Department of Neurology, Washington University in St. Louis, St. Louis, Missouri.
Anna Meyer Children's Hospital, University of Florence, Firenze, Italy.
Am J Med Genet A. 2018 Aug;176(8):1748-1752. doi: 10.1002/ajmg.a.38840. Epub 2018 Jul 28.

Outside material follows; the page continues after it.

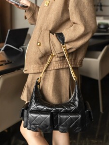 新しい 25C マルチポケットレディースバッグショルダーバイクバッグチェーンスモールフレグランスホーボーヒッピーバッグ脇の下バッグハンドバッグ
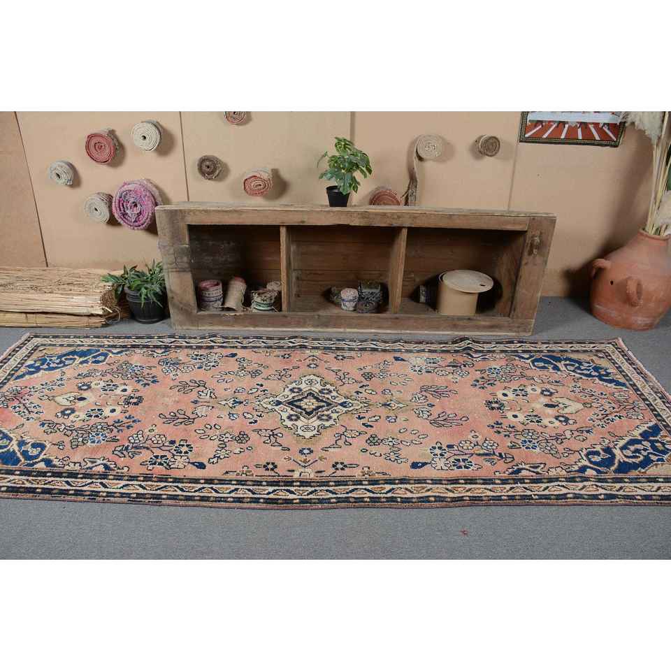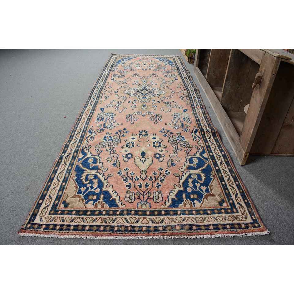 Alfombra Turca de 3.5x10 pies (108x304 cm), Alfombra Persa Azul Vintage

Derangements in voltage-gated potassium channel function are responsible for a range of paroxysmal neurologic disorders. Pathogenic variants in the KCNA1 gene, which encodes the voltage-gated potassium channel Kv1.1, are responsible for Episodic Ataxia Type 1 (EA1). Patients with EA1 have an increased incidence of epilepsy, but KCNA1 variants have not been described in epileptic encephalopathy. Here, we describe four patients with infantile-onset epilepsy and cognitive impairment who harbor de novo KCNA1 variants located within the Kv-specific Pro-Val-Pro (PVP) motif which is essential for channel gating. The first two patients have KCNA1 variants resulting in (p.Pro405Ser) and (p.Pro405Leu), respectively, and a set of identical twins has a variant affecting a nearby residue (p.Pro403Ser). Notably, recurrent de novo variants in the paralogous PVP motif of KCNA2 have previously been shown to abolish channel function and also cause early-onset epileptic encephalopathy. Importantly, this report extends the range of phenotypes associated with KCNA1 variants to include epileptic encephalopathy when the PVP motif is involved.
电压门控钾通道功能障碍可导致多种阵发性神经紊乱。编码电压门控钾通道 Kv1.1 的 KCNA1 基因突变可导致发作性共济失调 1 型(EA1)。EA1 患者癫痫发病率增加,但尚未在癫痫性脑病中描述 KCNA1 变异。本研究描述了 4 名具有婴儿期起病的癫痫和认知障碍的患者,他们携带位于 Kv 特异性 Pro-Val-Pro(PVP)基序内的新生 KCNA1 变异,该基序对于通道门控至关重要。前两名患者分别具有 KCNA1 变异(p.Pro405Ser)和(p.Pro405Leu),一对同卵双胞胎具有影响附近残基(p.Pro403Ser)的变异。值得注意的是,先前已经证明 KCNA2 的 PVP 基序中的重复新生变异会破坏通道功能,并导致早发性癫痫性脑病。重要的是,该报告扩展了与 KCNA1 变异相关的表型范围,当涉及 PVP 基序时,还包括癫痫性脑病。